Authentication can be Single-Factor or Multi-Factor (MFA). If only one of following methods is used in authentication operation, then these operation is a Single-factor authentication.

There are three factor. A covered entity may:

Require something known only to that individual, such as a password or PIN.
Require something that individuals possess, such as a smart card, a token, or a key.
Require something unique to the individual such as a biometric. Examples of biometrics include fingerprints, voice patterns, facial patterns or iris patterns.

Transmission Security – STANDARD § 164.312(e) (1)

This standard requires a covered entity to: “Implement technical security measures to guard against unauthorized access to electronic protected health information that is being transmitted over an electronic communications network.”

For instance, is EPHI transmitted through email, over the Internet, or via some form of private or point-to-point network? The Security Rule allows for EPHI to be sent over an electronic open network as long as it is adequately protected. Finally, the covered entity must identify the available and appropriate means to protect EPHI as it is transmitted, select appropriate solutions, and document its decisions.

Integrity Controls (A)

A covered entity must: “Implement security measures to ensure that electronically transmitted electronic protected health information is not improperly modified without detection until disposed of.”

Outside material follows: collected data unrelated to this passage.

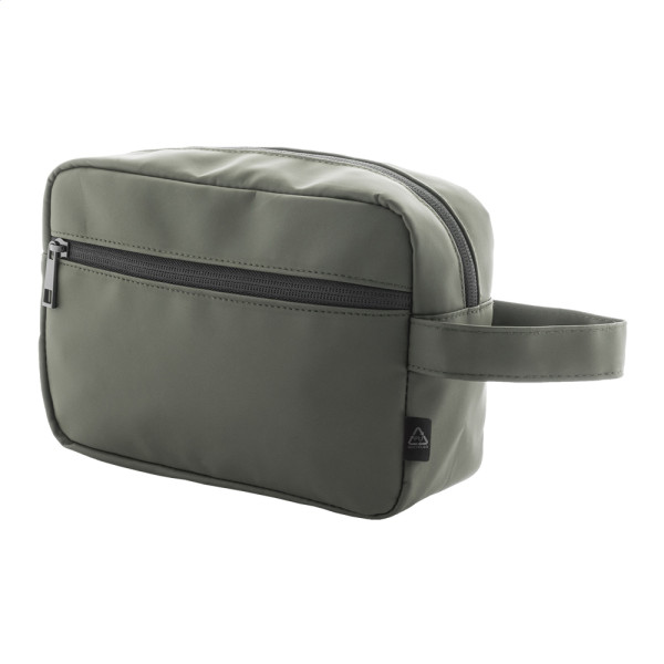 Trousse de toilette en PU recyclé souple avec deux compartiments zippés et poignée. Labélisée PU recyclée.
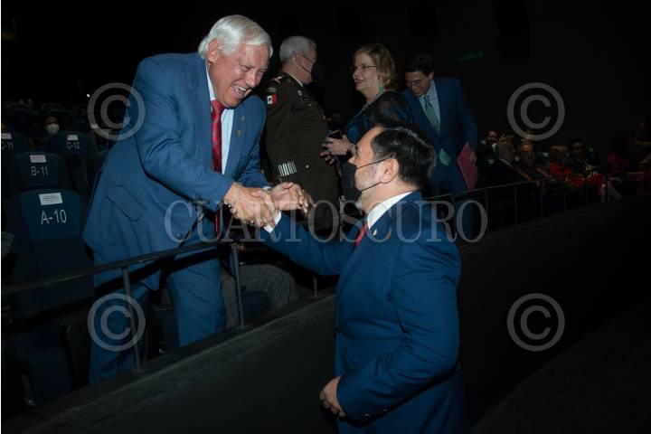 Víctor Manuel Villalobos, secretario de Agricultura y Desarrollo Rural, saluda a Arturo Reyes Sandoval, Director General del Instituto Politécnico Nacional (IPN) durante la presentación la serie documental “México en Centroamérica: Latidos de hermandad".
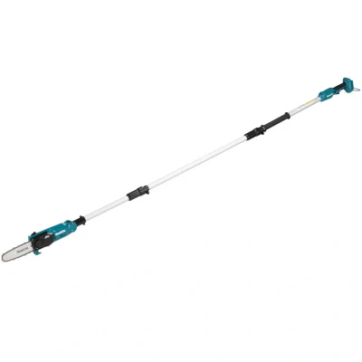General description The Makita DUA200Z is an 18V LXT cordless telescopic pole saw designed for efficient pruning and trimming of high branches. It features a lightweight design and a brushless motor, making it suitable for both professional arborists and home gardeners. With its adjustable head and telescopic reach, users can easily access branches up to 2.5 meters high without the need for ladders, enhancing safety and convenience. Technical specifications Voltage: 18V LXT Guide Bar Length: 200 mm (8') Chain Type: 80TXL-38, 0.325' pitch, 0.043' gauge Chain Speed: 6.7 m/s Motor: Brushless Oil Tank Capacity: 55 mL Telescopic Shaft Length: 1.6 m to 2.5 m Head Angle Adjustment: 9 positions, ±60° Weight (with battery): 3.2 – 3.5 kg Dimensions (L x W x H): 1,620 – 2,520 x 85 x 134 mm Noise Level: Sound pressure 77 dB(A), Sound power 86 dB(A) Vibration Level: ≤2.5 m/s² Protection: XPT (eXtreme Protection Technology) for enhanced dust and water resistance Compatibility and accessories
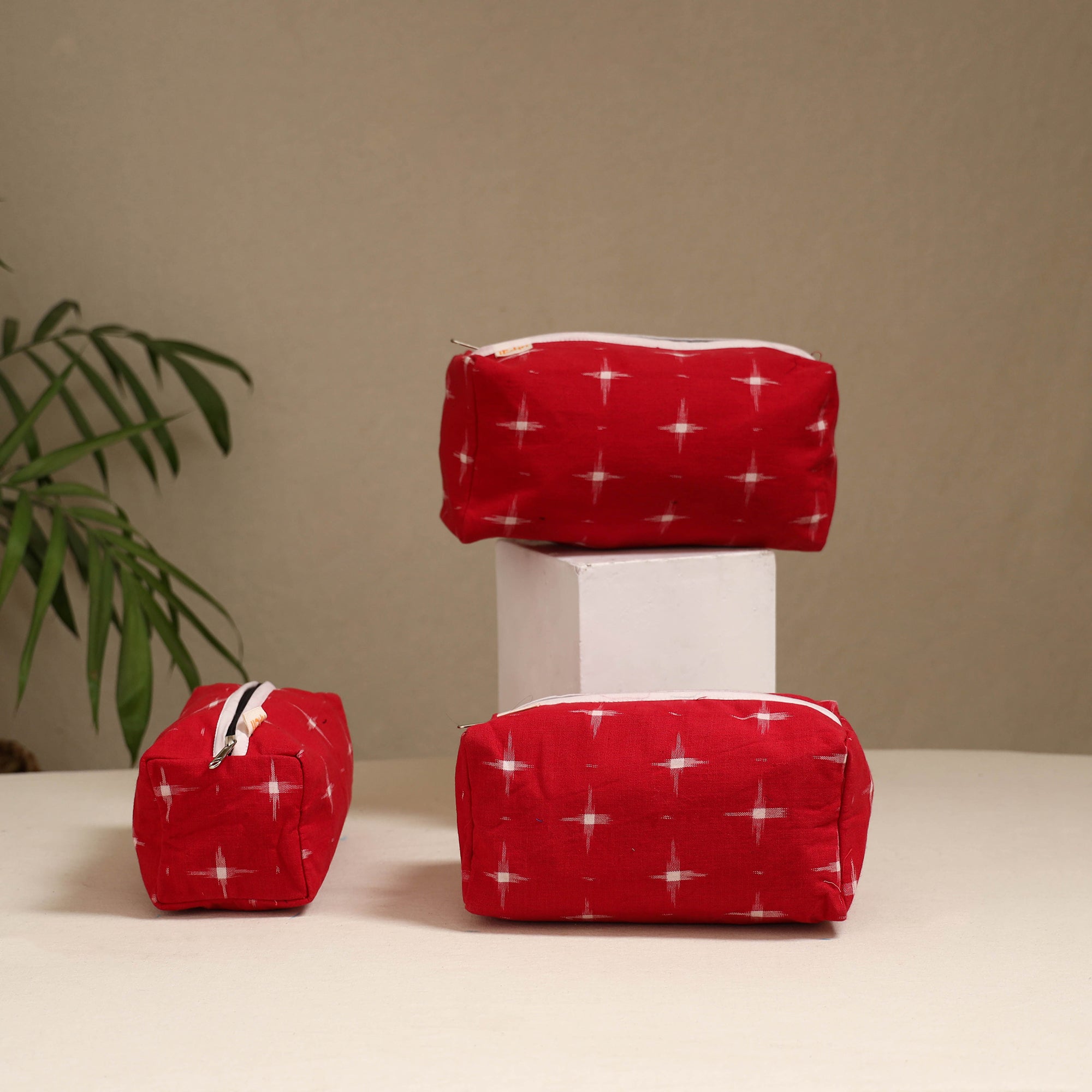 Handcrafted fabric toiletry bags designed with beautiful detailing. Made from cotton with a waterproof lining, The set includes three sizes for streamlined organisation of essentials, making it ideal for travel or vanity storage. Place it within larger carryalls, or coordinate it with cotton pouches and soft bath linens for a consistent, functional setup, whether stored in a dressing cabinet or carried on weekend getaways.
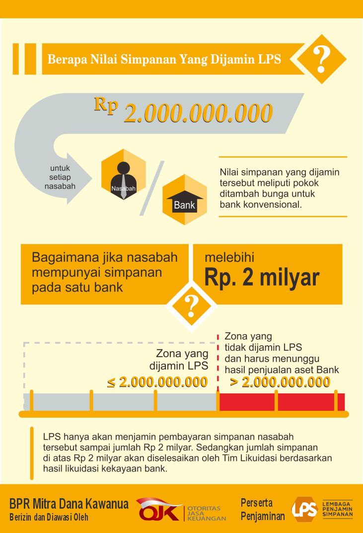 Para Nasabah tidak perlu khawatir karena simpanan Anda akan aman bersama kami. Karena simpanan / deposito anda akan dikelola oleh tim profesional, terdaftar dan diawasi oleh Otoritas Jasa Keuangan (OJK) serta dijamin Lembaga Penjamin Simpanan (LPS). Sehinga dana anda selalu terjamin bersama kami. Adapun fungsi dari LPS yaitu Menjamin simpanan nasabah penyimpan. Turut aktif dalam memelihara stabilitas sistem perbankan sesuai dengan kewenangannya. Dengan dijaminnya simpanan anda oleh LPS berarti jenis dan jumlah simpanan anda akan terjamin, pembayaran klaim akan terjamin.
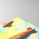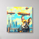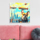 Un Bulldog français occupe une place de choix sur un toit avec en toile de fond un paysage fantastique de ville qui présente des monuments mondiaux emblématiques. Plusieurs avions flottent dans le ciel, ajoutant à l'atmosphère capricieuse.
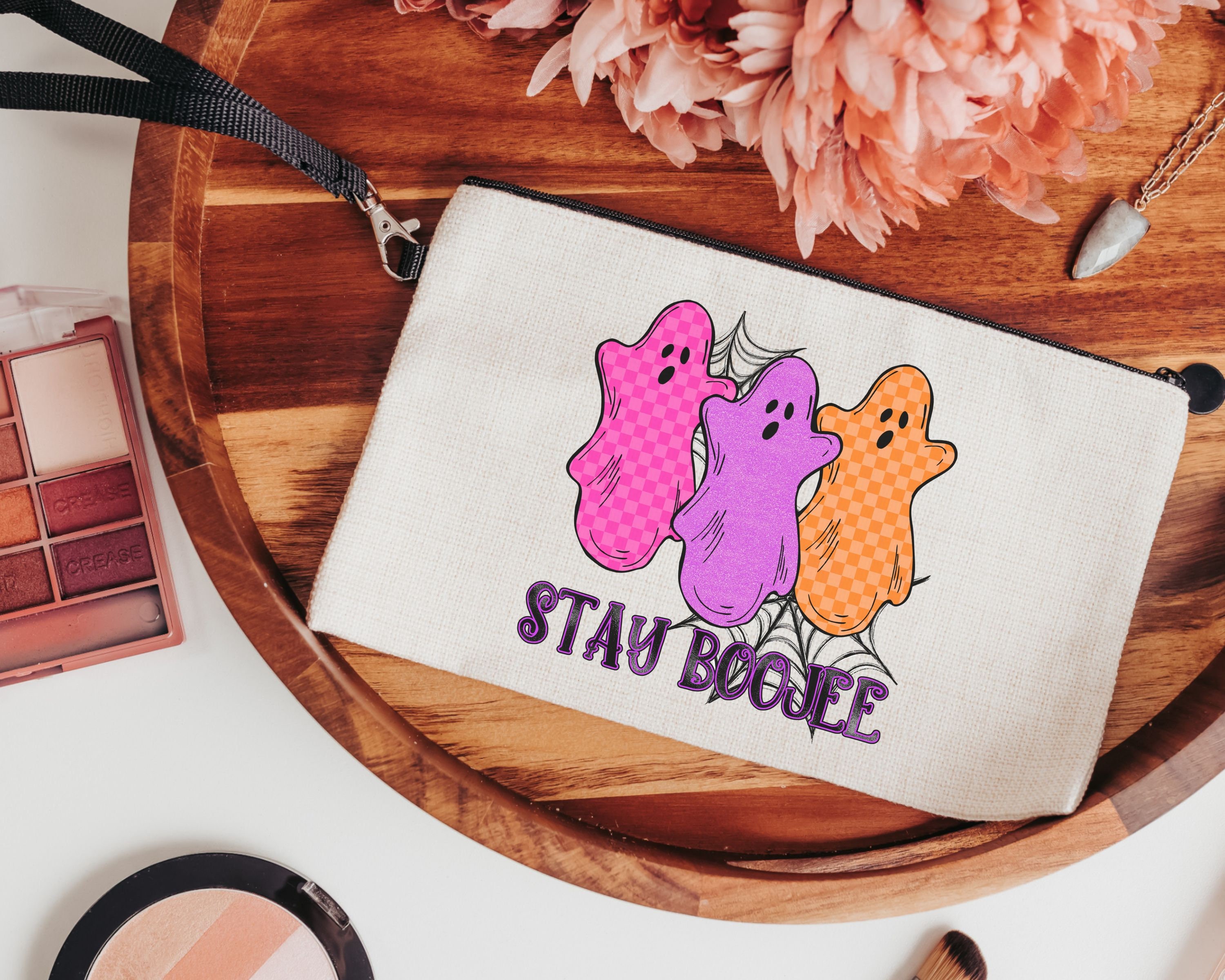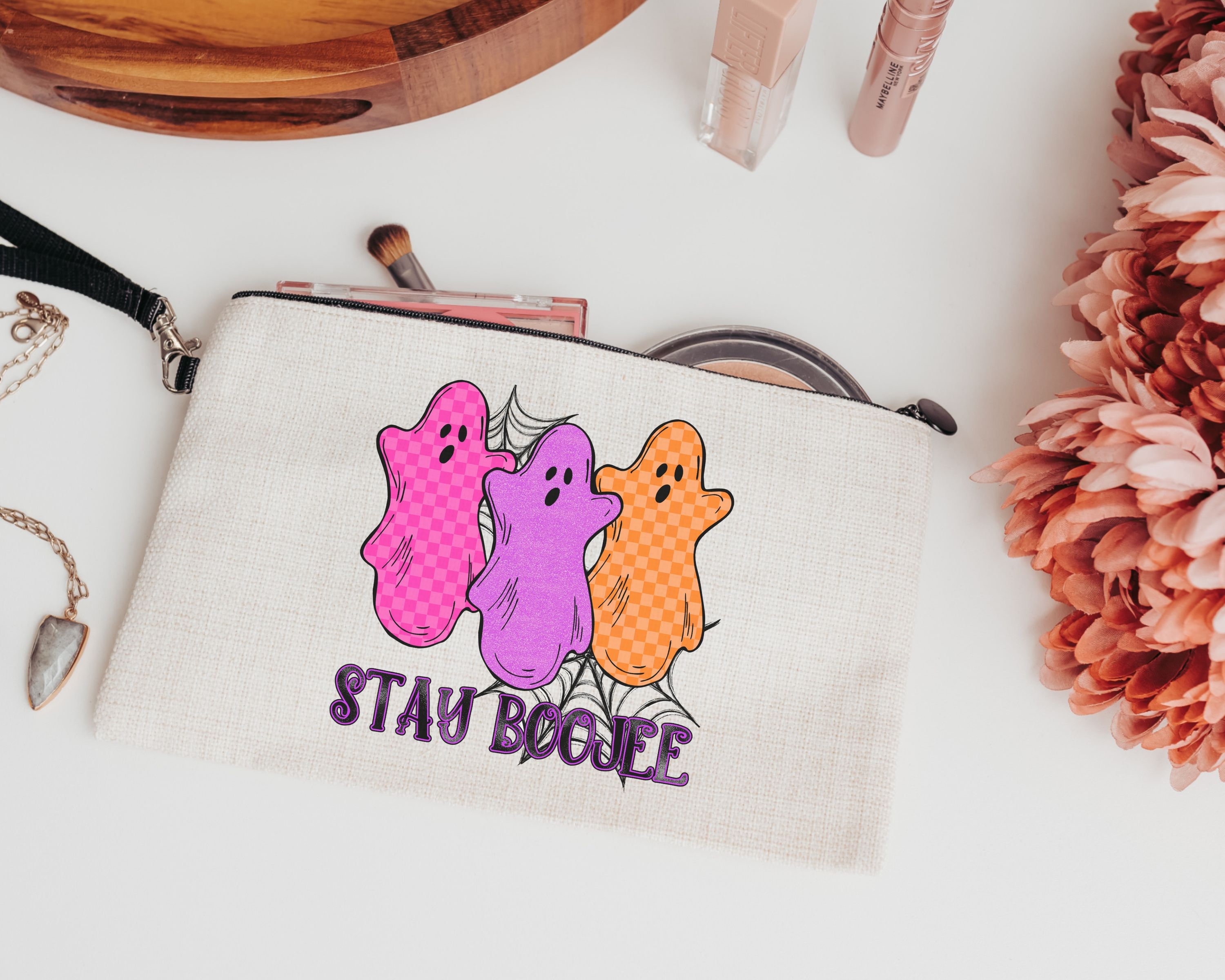 Show off your Halloween style with our "stay boojee" trendy Halloween makeup bag featuring a cute ghost design. This cosmetic bag, perfect for your purse, makes a fantastic Halloween gift, especially for tweens and those celebrating October birthdays. It's a fun and fashionable accessory that adds a touch of spookiness to your everyday routine. Don't miss out on this ghost-themed bag for women and teenagers – a chic way to embrace the Halloween spirit!
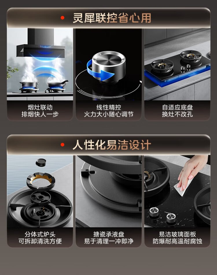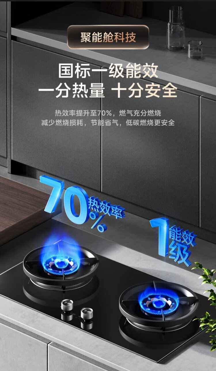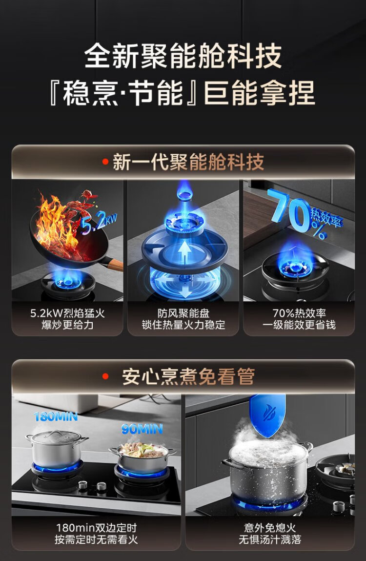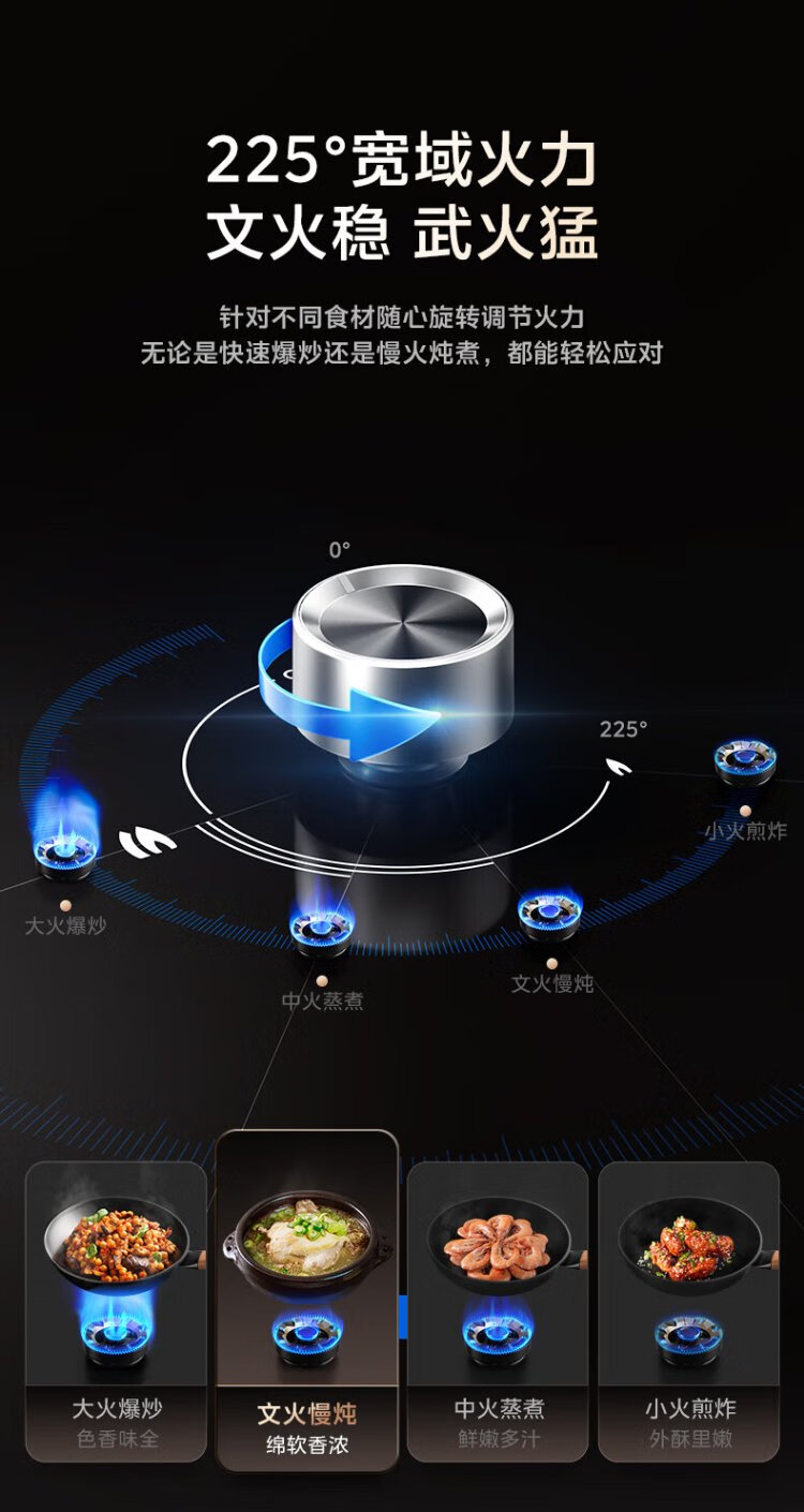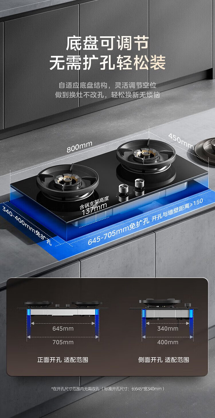 Midea combines the steam washing series with the industry's hottest household 5.2KW high-power gas stove, double-sided timed stove with built-in double-burner natural gas stove JZT-QD529
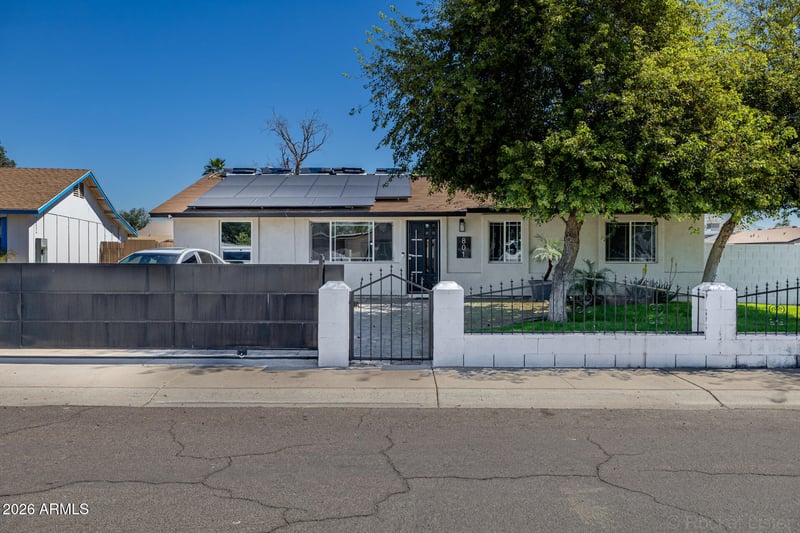 Listing details for 801 68th Ave, Phoenix, AZ 85043 : This home won't last long! Solar owned outright, brand new roof (March 2026), 8 yr old HVAC, fenced front grass yard with mature trees, 2 RV gates, covered patio, gazebo, storage sheds, and a built-in BBQ. Inside you will find granite countertops and pantry in a good size eat-in kitchen; dual pane windows, freshly painted interior (2026) with many upgrades; all with no HOA. Within one mile of the I-10, easy access to downtown Phoenix or Westgate / State Farm Stadium, shopping, dining, entertainment, movies, sporting events, casino; all about 20 minutes or less.
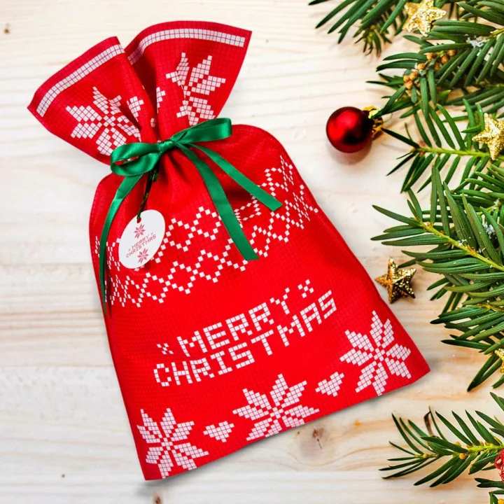 Czerwone świąteczne worki na prezenty "Merry Christmas"

A primary method for protecting the integrity of EPHI being transmitted is through the use of network communications protocols. In general, these protocols, among other things, ensure that the data sent is the same as the data received.

Encryption (A)

A covered entity, the covered entity must: “Implement a mechanism to encrypt electronic protected health information whenever deemed appropriate.”

Adopting a single industry-wide encryption standard in the Security Rule would likely have placed too high a financial and technical burden on many covered entities. The Security Rule allows covered entities the flexibility to determine when, with whom, and what method of encryption to use. Covered entities must consider the use of encryption for transmitting EPHI, particularly over the Internet. Where risk analysis shows such risk to be significant, a covered entity must encrypt those transmissions under the addressable implementation specification for encryption.